N1. Cardiac Physiology III: Wigger's Diagram - Notes

I. Wigger's Diagram

  • Graph of electrical and mechanical events during one cardiac cycle.
  • Includes ECG, pressure, left ventricular volume.
  • Key events:
    • A/E – aortic valve opens (minimum P_{aorta} = DBP)
    • B – aortic valve closes
    • C – mitral valve closes
    • D/F – mitral valve opens
    • A/E – ejection begins
    • D/F – passive filling begins
    • IVC – isovolumetric contraction
    • IVR – isovolumetric relaxation

A. Atrial Systole

  • EKG: P wave precedes atrial systole.
  • Pressure:
    • Left atrial pressure increases.
    • Aortic pressure at diastolic blood pressure (DBP).
  • LV Volume: Increases to EDV (End Diastolic Volume).

B. Isovolumic Ventricular Contraction (IVC)

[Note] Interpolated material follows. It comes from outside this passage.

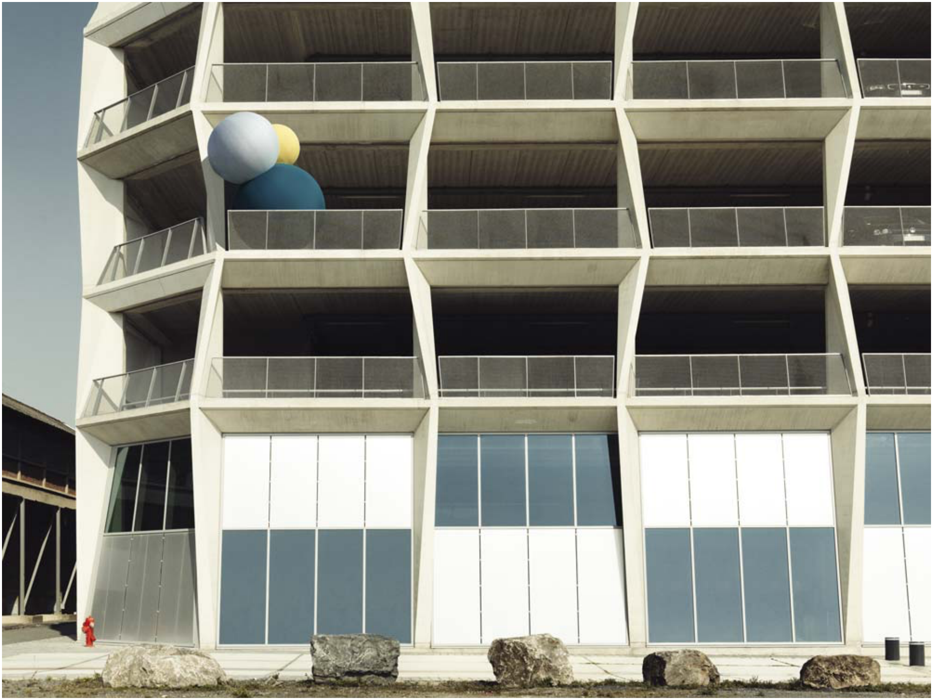
The installation measures over 4.20 m tall and is made up of 10 majestic balloons

  • EKG: QRS complex precedes ventricular systole.
  • Pressure:
    • Bicuspid (mitral) valve closes [C].
    • Ventricular pressure increases.
  • LV Volume: No change.

C. Ventricular Ejection

  • EKG: S-T segment (ventricles in Ca^{2+} plateau phase).
  • Pressure:
    • Ventricular pressure > Aortic pressure.
    • Aortic valve opens [A].
    • Aortic pressure increases to systolic blood pressure (SBP).
    • Ventricular pressure increases then decreases.
  • LV Volume: Ejection leads to volume decrease to ESV (End Systolic Volume).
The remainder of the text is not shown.